Looking more closely at the instructions we observed between 11M to 22M accesses per register with an average of 12M. Due to the special semantic of the hardwired x0 register in RISC-V, we used generation rules that favor the x0 register (thus it is accessed more often compared to other registers). We observed between 1 (because register x0 is hardwired to zero) and 870k different values per register with an average of 747K. On the immediate fields we observed 5M to 51M accesses with an average of 22M. The amount of observed values in the immediate fields varies largely from 32 to 1M due to the different value ranges of the immediate fields. In total we observed 99.6% of the possible immediate values (across all instructions in combination). Thus, beside the high performance, our approach also enables a broad coverage. In combination with support for unrestricted instruction sequences (to cover highly irregular control flows) our approach is very suitable for extensive stress testing.

Finally, please note that our on-the-fly instruction stream generation approach is very generic and thus not limited to the specific RISC-V ISA configuration. We expect that only minimal extensions are necessary to provide efficient support for additional RISC-V ISA extensions (covering the privileged as well as unprivileged ISA).

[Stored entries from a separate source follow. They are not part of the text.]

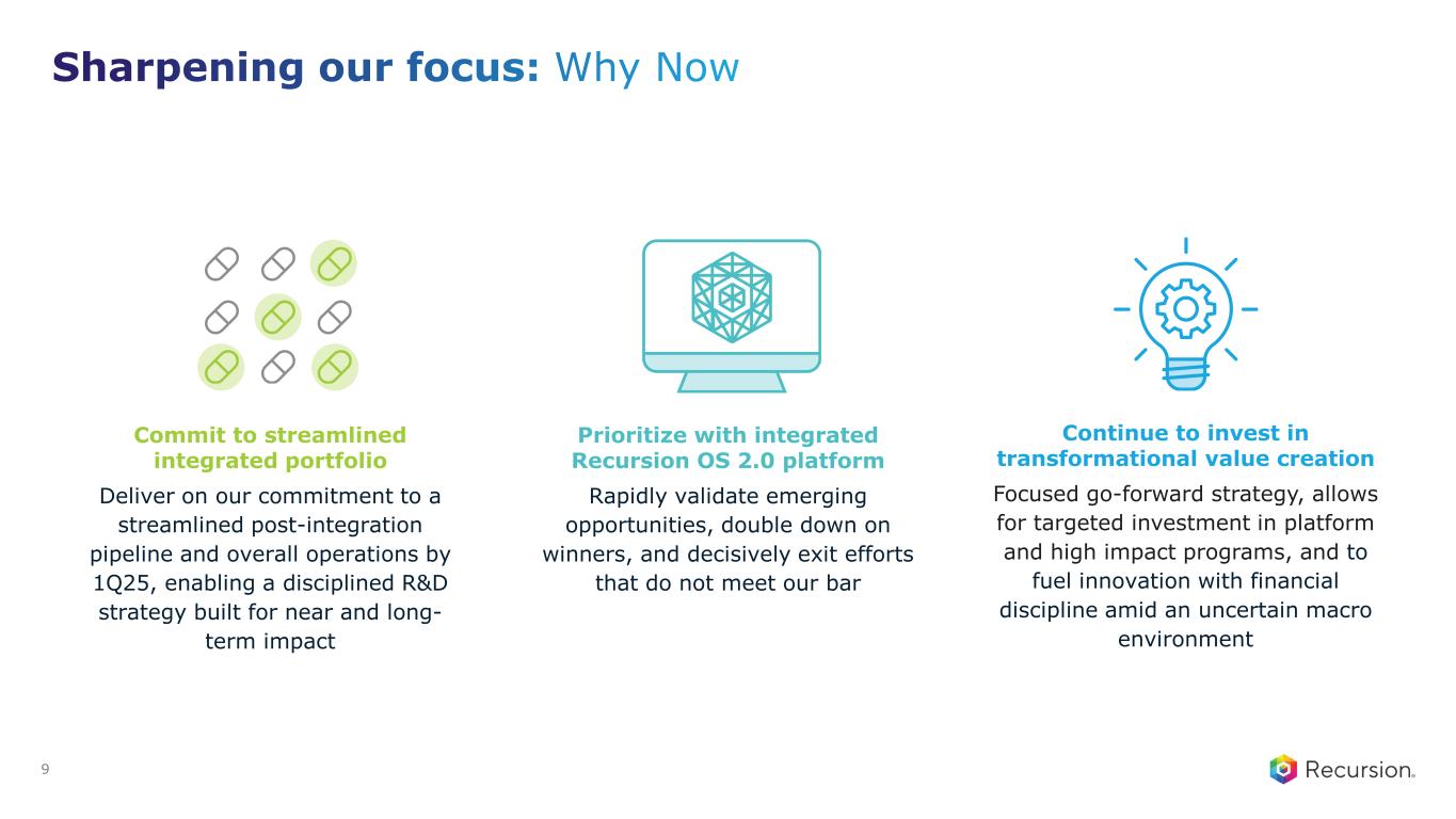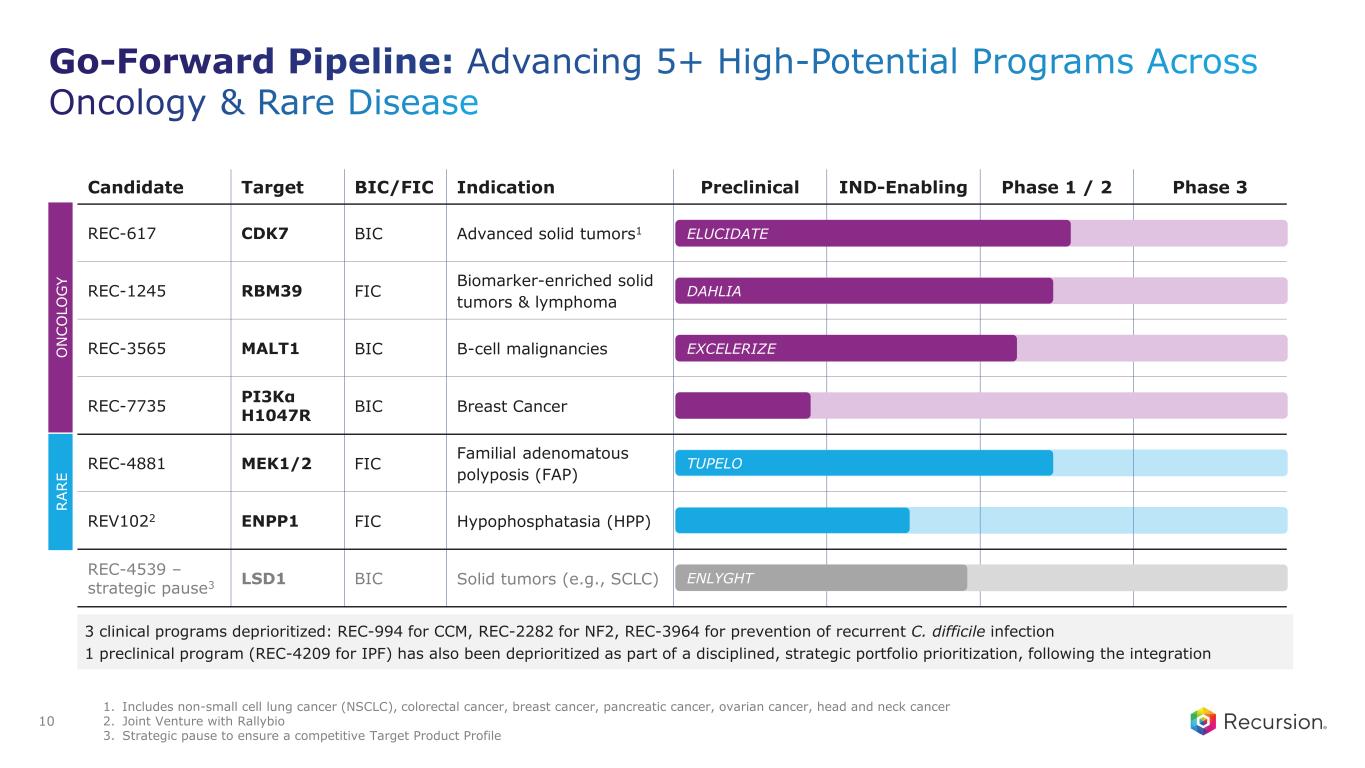 Commit to streamlined integrated portfolio Deliver on our commitment to a streamlined post-integration pipeline and overall operations by 1Q25, enabling a disciplined R&D strategy built for near and long- term impact Prioritize with integrated Recursion OS 2.0 platform Rapidly validate emerging opportunities, double down on winners, and decisively exit efforts that do not meet our bar Continue to invest in transformational value creation Focused go-forward strategy, allows for targeted investment in platform and high impact programs, and to fuel innovation with financial discipline amid an uncertain macro environment 9
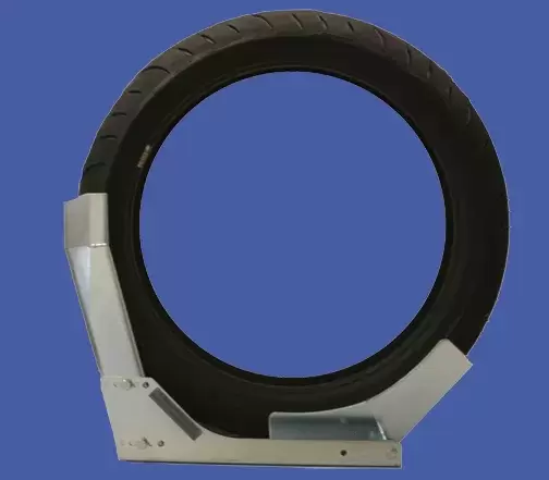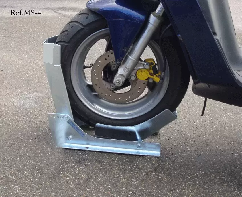 Ideal support for mounting inside the garage or trailer, with a rocker system that catches the wheel in a single movement, keeping the motorcycle fastened in a vertical position, being able to release it to comfortably place the fastening straps.
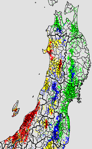 安全作期の策定にある気温指標のうち、いもち病蔓延可能日の平均気温指標20.0℃を用いて表示し、20.0℃未満については1℃刻みで表示します。過去7日の移動平均値で示す。いもち病の蔓延可能域を監視するものです。
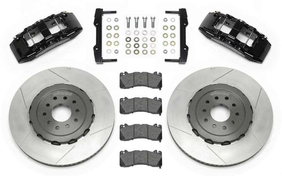 SX6R calipers were designed for the specific purpose of providing high capacity braking with large diameter rotors for extreme duty and race vehicles. It is the largest dual purpose caliper Wilwood has produced, providing big brake performance for show and dual purpose street and track vehicles. Offering additional enhanced braking with wheel and tire upgrades. Kits are fully compatible with OE master cylinder output and ABS function. Directional 72 staggered vane 14.00” to 15.00”rotors provide maximum cooling for sustained high heat durability.
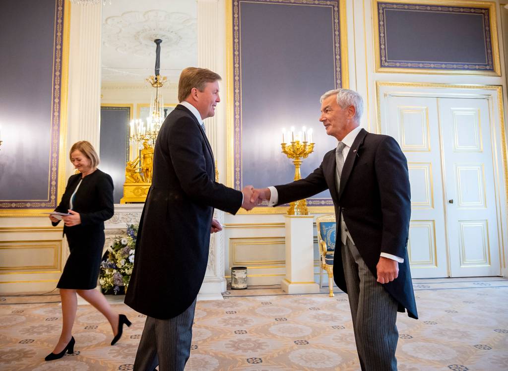 Koning Willem-Alexander ontving woensdag ook de ambassadeur van De Seychellen. Op het paleis bieden de nieuwe ambassadeurs hun geloofsbrieven aan de koning aan. Pas als ze dat hebben gedaan, kunnen ze officieel aan het werk in Nederland.
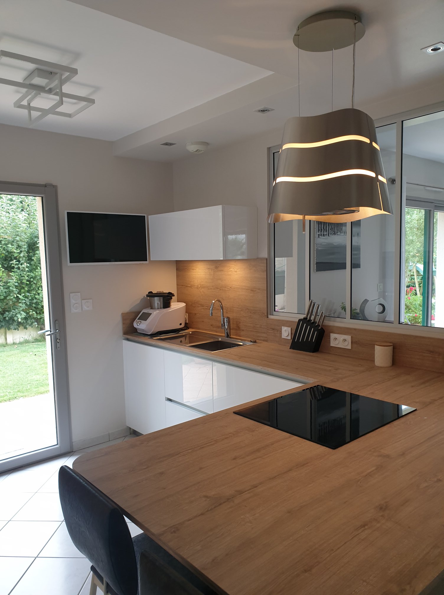 Bref nous sommes contents, notre cuisine carrée, de moins de 11 m2 ,parait beaucoup plus grande grâce à la nouvelle perspective.

VI. Conclusion and Future Work

We proposed an efficient cross-level testing approach for processor verification targeting the RISC-V ISA. It works by generating and feeding an endless instruction stream into the RTL core under test and a reference ISS in a tightly coupled
co-simulation setting. The instruction stream evolves on-the-fly during simulation and thus avoids restrictions on the generated instructions. Our approach has been very effective in finding several serious bugs in the pipelined industrial RISC-V TGF series core and worked very efficiently with more than 200 million processed instructions per hour. For future work we plan to:

- Investigate parallelized test sessions (using different random seeds) and utilizing FPGAs to further boost the testing process.
- Consider testing the interrupt interface of the RTL core which is quite challenging as it needs to be synchronized with the instruction stream co-simulation (to avoid spurious mismatches between ISS and RTL core).
- Extend and evaluate our approach on additional RISC-V ISA extensions. As already mentioned, we believe that our approach is very well prepared for this task due to the generic on-the-fly instruction stream generation.
- Investigate new coverage metrics that also consider RTL specific coverage and develop execution feedback mechanisms to further guide the test generation process.

REFERENCES

[22] ——, The RISC-V Instruction Set Manual; Volume II: Privileged Architecture, SiFive Inc. and CS Division, EECS Department, University of California, Berkeley, 2019.